Психолог говорил, что так работает вытеснение. Мозг Глеба просто взял и стер из его памяти день, когда он чуть не утонул на болотах, где-то тут, совсем рядом с дедовым домом. Но уничтоженное воспоминание оставило после себя след. Тоскливую темноту.
Вот почему Глеб решил приехать в Нойдалу спустя столько лет. Надо наконец понять, когда в его жизни все пошло наперекосяк. Вспомнить свою почти-смерть. Глеб надеялся, что для этого не придется идти в лес, на болота. Впереди целое лето. Может, если пробыть в Нойдале достаточно долго, воспоминания вернутся сами собой, и Глеб в конце концов сможет взять и отпустить прошлое. Вдруг тогда закончатся и «шизофренические глюки», как называл видения отец.
Глеб только этого и хотел. Нормальной жизни. Как у всех.
С трех до семи лет Глеб ездил в Нойдалу каждое лето. Отец уже тогда недолюбливал деда, но родителям нужно было «время для себя». Да и мать еще общалась с Иваном Павловичем. Жалела его. Говорила, он сам не свой после смерти жены.
Глеб любил бывать у деда. Сам он этого не помнил, но так говорила мать.
Когда Глебу было семь, дед не доглядел за ним. А дальше были болота, пахнущая гнилью вода, заполняющая легкие, чей-то хохот и страх, наполняющий тело свинцом, тянущий вниз, куда-то в ледяную черноту.
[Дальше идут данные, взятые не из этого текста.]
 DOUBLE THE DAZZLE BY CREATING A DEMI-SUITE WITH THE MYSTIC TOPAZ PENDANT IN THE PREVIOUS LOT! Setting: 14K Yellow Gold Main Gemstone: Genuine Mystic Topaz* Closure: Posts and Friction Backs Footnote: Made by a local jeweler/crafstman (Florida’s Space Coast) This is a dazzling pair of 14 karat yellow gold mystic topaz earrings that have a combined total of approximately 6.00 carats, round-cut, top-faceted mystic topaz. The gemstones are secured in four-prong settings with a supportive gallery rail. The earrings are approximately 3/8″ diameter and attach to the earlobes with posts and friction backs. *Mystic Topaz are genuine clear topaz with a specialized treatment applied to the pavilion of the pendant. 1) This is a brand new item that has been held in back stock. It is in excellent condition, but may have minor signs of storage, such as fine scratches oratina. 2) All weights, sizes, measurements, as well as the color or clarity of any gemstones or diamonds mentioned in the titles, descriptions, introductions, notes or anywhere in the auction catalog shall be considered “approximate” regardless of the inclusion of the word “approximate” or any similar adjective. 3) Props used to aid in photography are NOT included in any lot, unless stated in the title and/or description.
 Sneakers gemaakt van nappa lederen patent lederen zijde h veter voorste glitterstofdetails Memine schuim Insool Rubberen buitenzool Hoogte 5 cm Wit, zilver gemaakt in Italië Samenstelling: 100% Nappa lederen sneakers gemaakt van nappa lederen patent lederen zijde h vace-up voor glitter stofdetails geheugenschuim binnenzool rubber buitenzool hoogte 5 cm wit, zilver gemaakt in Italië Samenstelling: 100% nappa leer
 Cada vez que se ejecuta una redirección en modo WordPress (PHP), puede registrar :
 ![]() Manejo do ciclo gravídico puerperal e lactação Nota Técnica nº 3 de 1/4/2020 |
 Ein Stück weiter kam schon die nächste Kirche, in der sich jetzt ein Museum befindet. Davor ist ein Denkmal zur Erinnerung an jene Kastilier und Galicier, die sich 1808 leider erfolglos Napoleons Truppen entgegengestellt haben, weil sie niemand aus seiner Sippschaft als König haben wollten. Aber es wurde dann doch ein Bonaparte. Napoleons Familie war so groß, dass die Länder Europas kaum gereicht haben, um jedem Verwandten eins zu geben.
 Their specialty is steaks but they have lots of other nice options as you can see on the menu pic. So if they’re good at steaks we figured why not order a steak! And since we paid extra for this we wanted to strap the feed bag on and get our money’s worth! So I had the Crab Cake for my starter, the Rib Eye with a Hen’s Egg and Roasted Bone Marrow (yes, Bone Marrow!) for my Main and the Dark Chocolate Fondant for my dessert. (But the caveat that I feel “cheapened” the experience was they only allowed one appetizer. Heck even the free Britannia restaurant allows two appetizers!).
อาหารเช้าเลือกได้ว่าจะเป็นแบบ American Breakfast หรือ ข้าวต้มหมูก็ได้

Кто спас Глеба? Почему дед позволил ему уйти на болота? Чем был занят, пока внук ходил один по лесу? Глеб не знал. Помнил только, что это потом он три месяца молчал. Смотрел куда-то в пустоту, не отзывался на свое имя, забывал есть и пить. «Стал овощем», говорил отец.
Посттравматическое стрессовое расстройство. Так это назвал психиатр. Наверное, диагноз был бы другим, расскажи Глеб, что время от времени ему мерещилось всякое. «Шизофренические глюки», как говорил отец.
Глюки выглядели как обычные люди. Вернее, от обычных людей их никак было не отличить. Они так же двигались, говорили и улыбались. Только вот никто, кроме Глеба, их больше не видел.
Случались глюки где угодно.
Порой мать заставала его, мило болтающим с пустотой посреди магазина или аптеки. Время от времени то же самое происходило в школе. Одноклассники смеялись. Думали, Глеб шутит. «Юморист», закатывали глаза учителя. Но лучше считаться клоуном, чем психом.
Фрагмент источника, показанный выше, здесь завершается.